Sobraria para as varas de família e sucessões, então, apenas o que é contencioso, até porque a missão do Judiciário é solucionar lides, dizer o direito ao caso concreto onde alguém teve uma pretensão resistida, não administrar interesses privados e amigáveis de pessoas maiores e capazes, e que detêm o poder familiar sobre seus filhos, repita-se à exaustão.

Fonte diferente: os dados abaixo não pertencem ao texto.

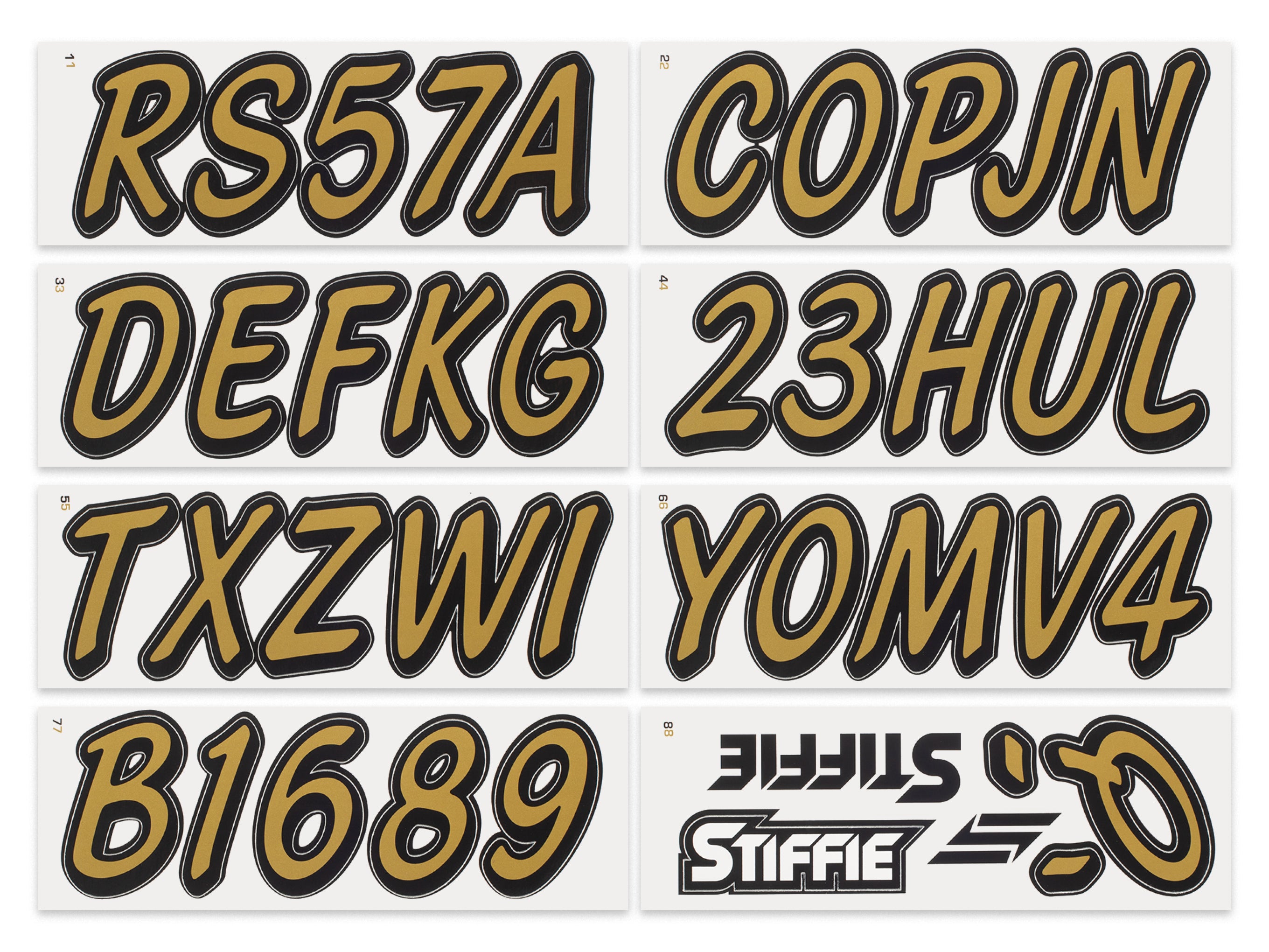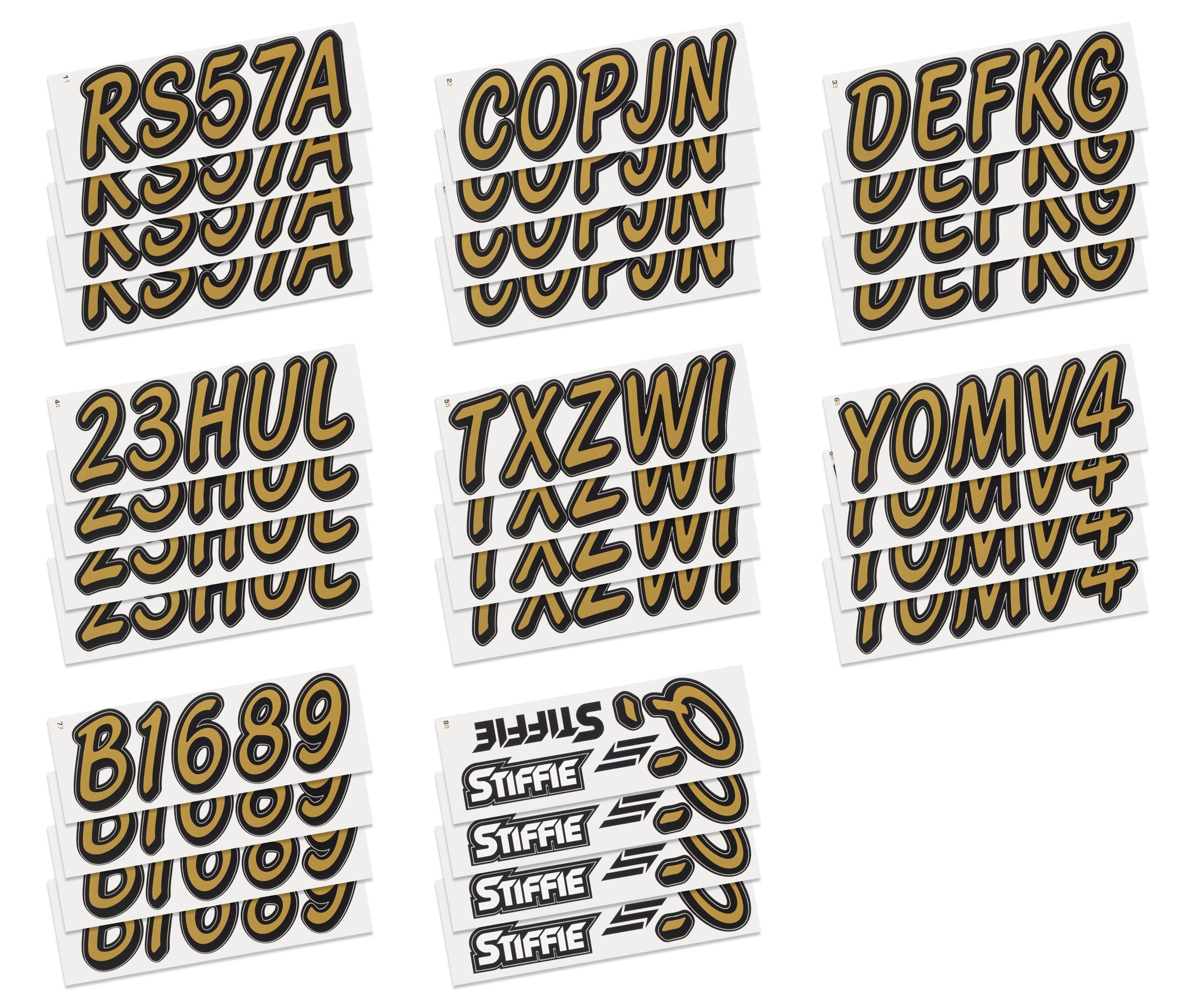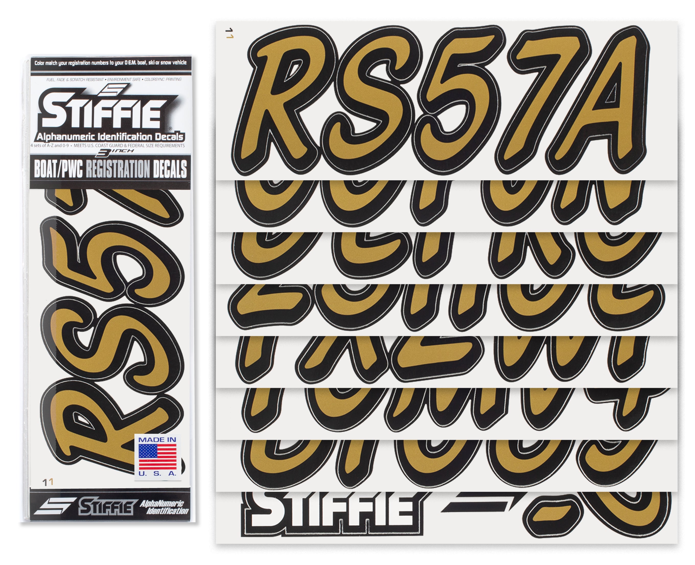 STIFFIE Whipline Solid Metallic Gold/Black 3” Boat & PWC Registration Decals • Numbers Letters Stickers

Para esses casos contenciosos, é necessário:
a) revogar ou ajustar o artigo 732 do Código de Processo Civil, remetendo-o à execução por título judicial ou extrajudicial, conforme seja a forma pela qual foi fixado o dever alimentar (sentença de mérito ou homologatória, acordo homologado pelo Ministério Público, escritura pública etc.);
b) ajustar o artigo 733 do Código de Processo Civil, de forma que também os títulos executivos extrajudicias definidores de dever alimentar possam ser executados sob pena de prisão civil;
c) permitir que execuções de alimentos sobre ritos diferentes caminhem nos mesmos autos, para fins de satisfação do respectivo crédito, aproveitando-se os mesmos mandados e atos de constrição de bens, e evitando-se eventual tumulto processual mediante a autuação, em apartado, como incidentes, das eventuais impugnações ou de embargos;
d) instituir, em lugar do atual rito ordinário, o rito sumário para as separações judiciais litigiosas, como modificação permitindo a apresentação de defesa apenas 15 (quinze) dias após a audiência prévia de tentativa de conciliação, e após esta apenas a de instrução e julgamento, se houver requerimento/necessidade de prova oral;
e) instituir apenas duas formas de “inventário”, uma para os casos contenciosos e outra para os consensuais, evitando fraudes pela obrigação de inclusão do nome do falecido em campo próprio da distribuição, em todas elas e também nos pedidos autônomos de alvará, bem como pela obrigatória a consulta (ou apresentação de certidões) ao Colégio Notarial do Brasil, sobre testamentos, ao INSS, sobre dependentes habilitados, à Receita Federal, sobre a última declaração de bens e rendimentos da pessoa falecida, ao Banco Central, sobre ativos financeiros do falecido, e ao sistema dos Registros de Imóveis e Detrans, tudo para evitar futuras ações sobre bens sonegados (sobrepartilhas), herdeiros preteridos (notadamente gerados fora do casamento ou união estável) e desrespeito à última vontade do falecido.
Conclusão
Se aprovado o Projeto de Lei 2.067/07, portanto, ficaria ressuscitada a já revogada necessidade de audiência de prévia oitiva dos cônjuges. Se aprovado o Projeto de Lei 1.690/07, a eficácia da lei dependerá de recursos financeiros para estruturar os Juizados de Família, ou serão inviabilizados os atuais Juizados Especiais Cíveis.
E se tudo ficar como está, a sobrecarga de serviço, também nas Varas da família e das sucessões continuará, remanescendo casos em que, por exemplo, são ajuizados de simples pedidos de homologação de acordo de separação, apenas para que o advogado nomeado por convênio de assistência judiciária tenha pagos seus honorários — tornando letra morta a própria lei que instituiu a separação/divórcio consensual.
Ou ainda, permanecerá o atolamento das pautas de audiência das varas da família e das sucessões, apenas para que, após uma conversa, em grande parte dos casos as partes resolvam transformar a separação litigiosa em consensual — atravancando ações onde realmente há um litígio intransponível que exige a intervenção do juiz para dirimi-lo.